Copy the data that follows, character for character, minus the pictures.

# GIVEN MATERIAL
※

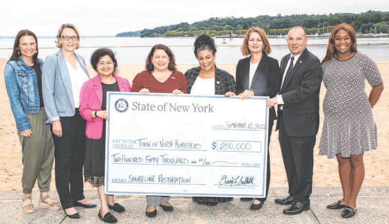 North Hempstead Town Su pervisor Jennifer DeSena, Council Members Peter Zuckerman, Veronica Lurvey, and Mariann Dalimonte and Town Clerk Ragini Srivastava were proud to welcome State Assembly woman Gina Sillitti to North Hemp stead Beach Park in Port Washington on Sept. 12 as she presented the Town with a check for $250,000.
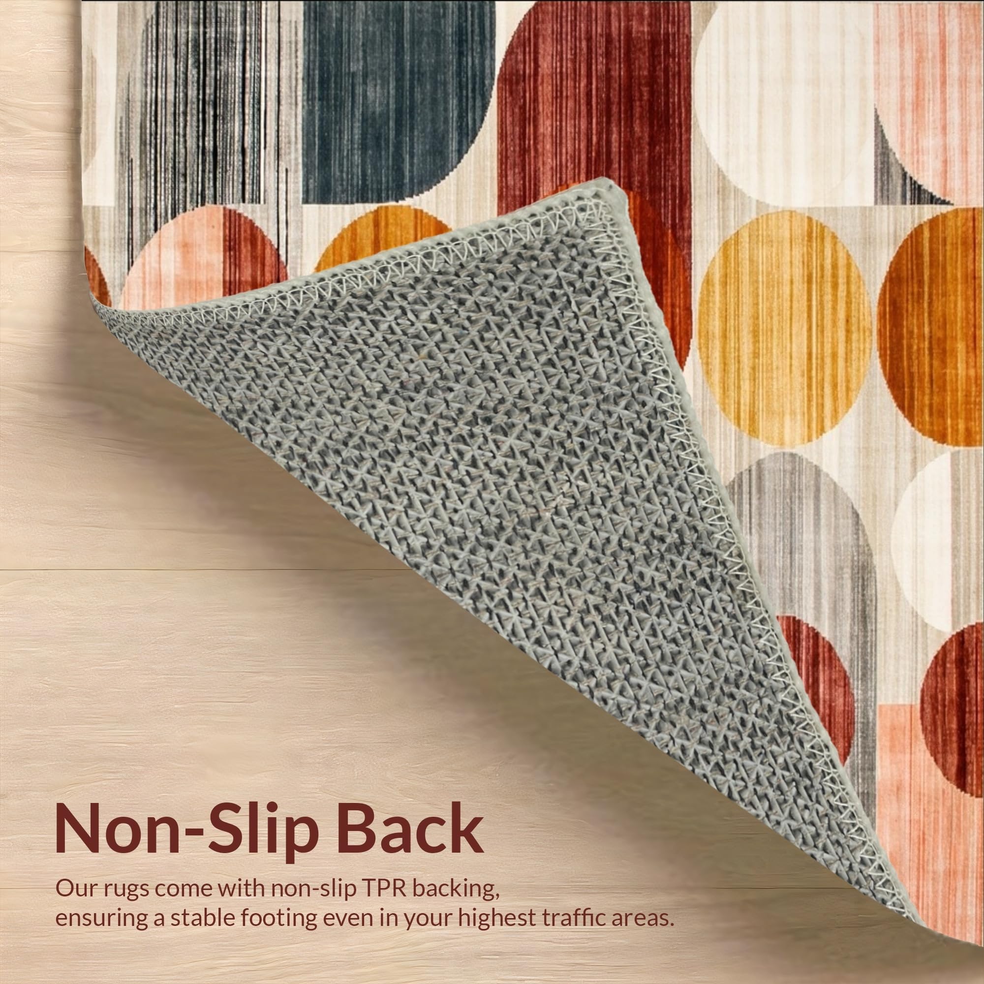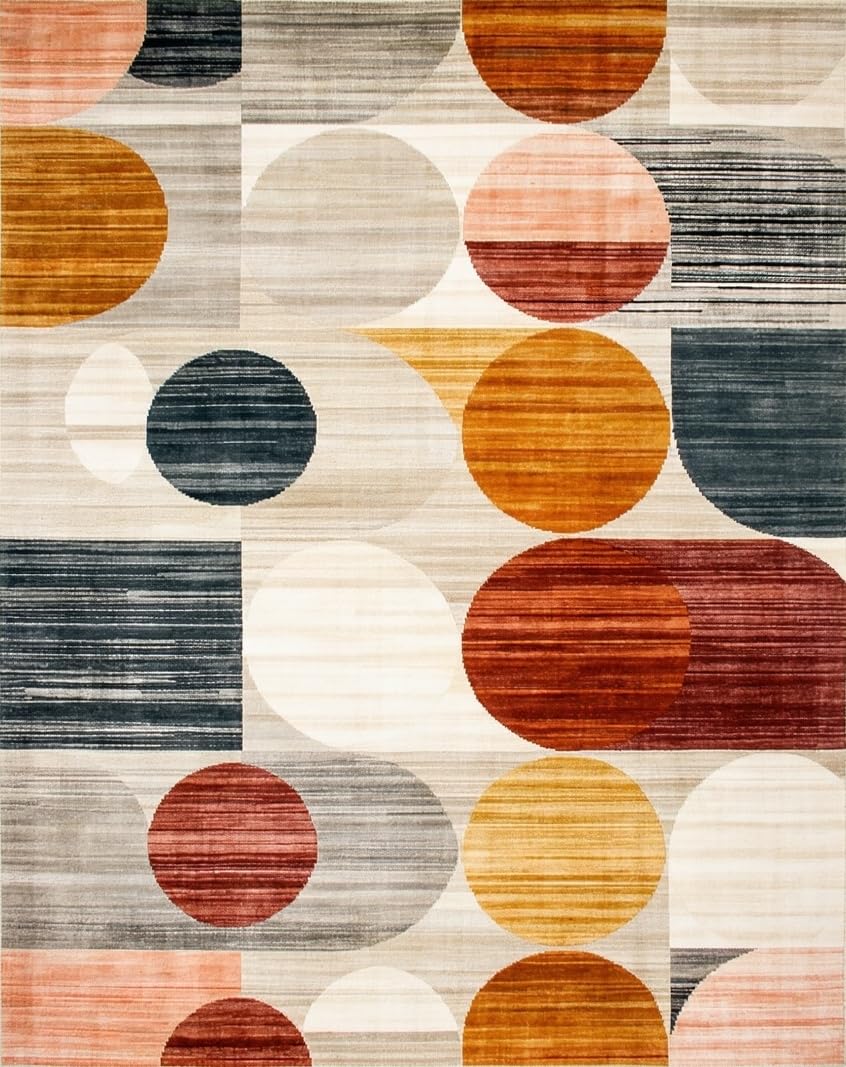 Ultra Soft Area Rug, Non Slip, Stain Resistant, Washable Area Rugs for Living Room, Bedroom, Warm Colors Abstract Circles Rustic Modern Geometry Area(Gray) Overview:
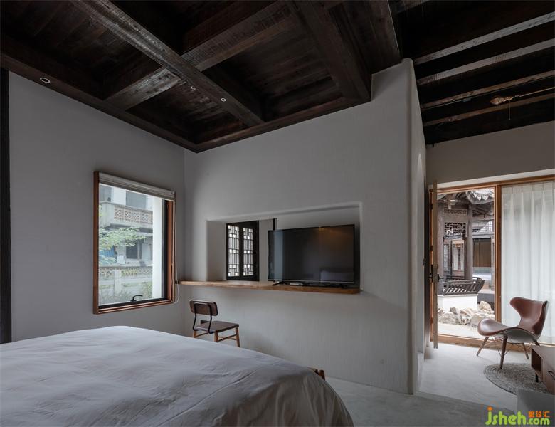 After the second entrance isthe guestroom area ofhotel. The original lotus pond is retained in thecourtyard, and thewalkway iswidened to leaveenough space around the pond forfrolicking and watching fish. Theguesthouse has 16 rooms of varied styles, whichencircle this charmingaquatic courtyard like 16lustrous pearls. The rooms are named「Su」,「Fan」,「Bo」,「Ze」,「Han」,「Hao」,「Run」,「Yang」,「Zhan」,「Hong」,「Du」,「Tian」,「Yi」,「Dan」,「Che」and「Cheng」, which are allcharacters with the“water” radical. Water isintelligent, and also thesource of life; to observe water is to look into heart.
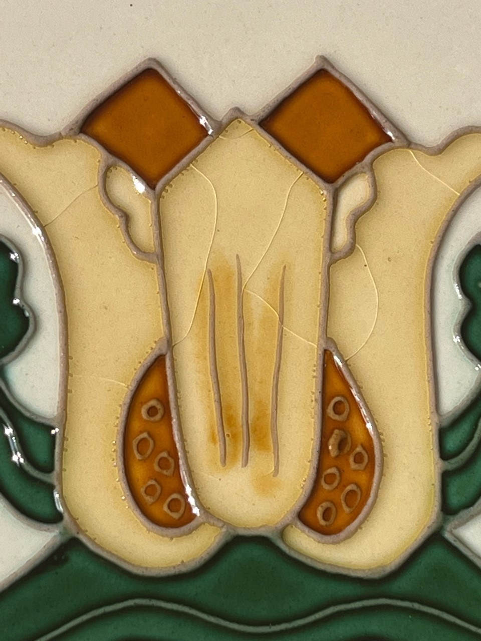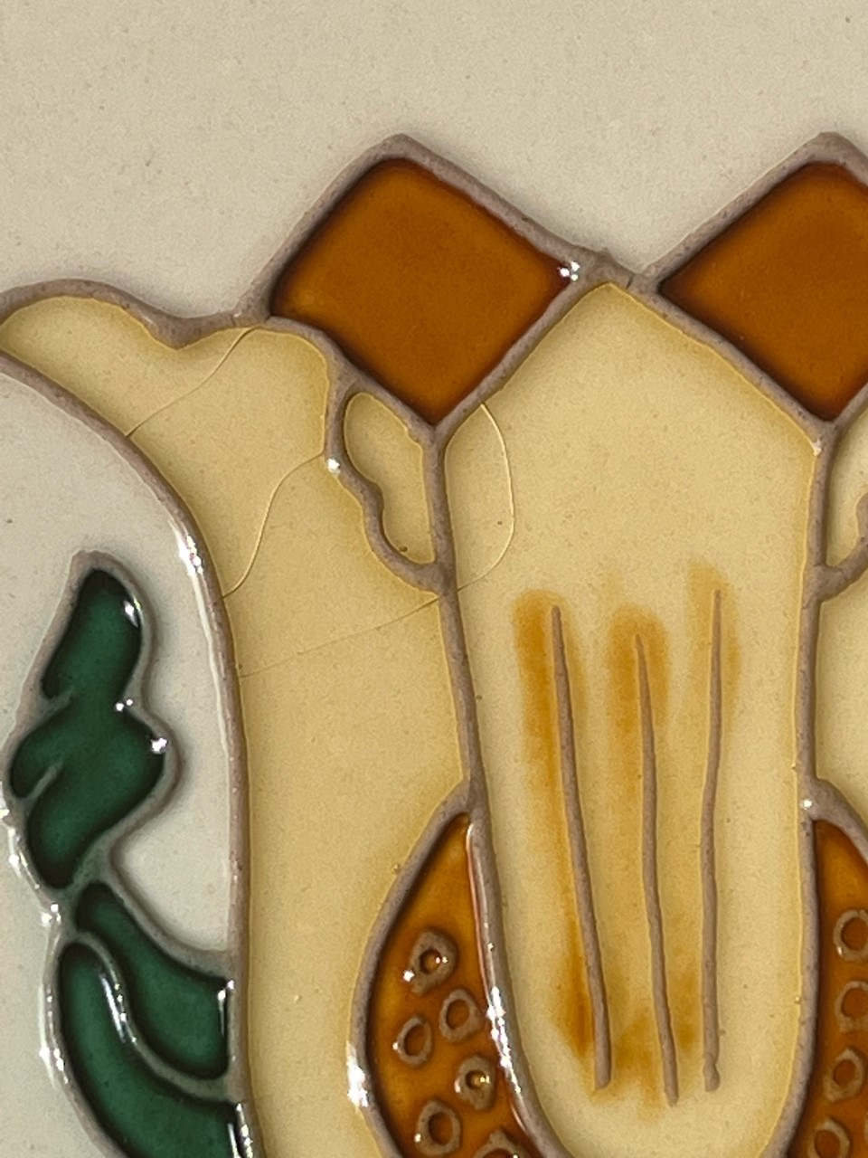 Looks like very minor delayed crazing, where the glaze and tile expand and contract at different rates during the kiln firing. It can develop over a number of weeks or months after production on any ceramic item. Those with multiple colours or depths of glaze (such as the piping between colours on this tile) are slightly more susceptible due to the multiple “fits” of the different colour glazes.

※

# OUTPUT FOR THIS EXERCISE
 North Hempstead Town Su pervisor Jennifer DeSena, Council Members Peter Zuckerman, Veronica Lurvey, and Mariann Dalimonte and Town Clerk Ragini Srivastava were proud to welcome State Assembly woman Gina Sillitti to North Hemp stead Beach Park in Port Washington on Sept. 12 as she presented the Town with a check for $250,000.
 Ultra Soft Area Rug, Non Slip, Stain Resistant, Washable Area Rugs for Living Room, Bedroom, Warm Colors Abstract Circles Rustic Modern Geometry Area(Gray) Overview:
 After the second entrance isthe guestroom area ofhotel. The original lotus pond is retained in thecourtyard, and thewalkway iswidened to leaveenough space around the pond forfrolicking and watching fish. Theguesthouse has 16 rooms of varied styles, whichencircle this charmingaquatic courtyard like 16lustrous pearls. The rooms are named「Su」,「Fan」,「Bo」,「Ze」,「Han」,「Hao」,「Run」,「Yang」,「Zhan」,「Hong」,「Du」,「Tian」,「Yi」,「Dan」,「Che」and「Cheng」, which are allcharacters with the“water” radical. Water isintelligent, and also thesource of life; to observe water is to look into heart.
 Looks like very minor delayed crazing, where the glaze and tile expand and contract at different rates during the kiln firing. It can develop over a number of weeks or months after production on any ceramic item. Those with multiple colours or depths of glaze (such as the piping between colours on this tile) are slightly more susceptible due to the multiple “fits” of the different colour glazes.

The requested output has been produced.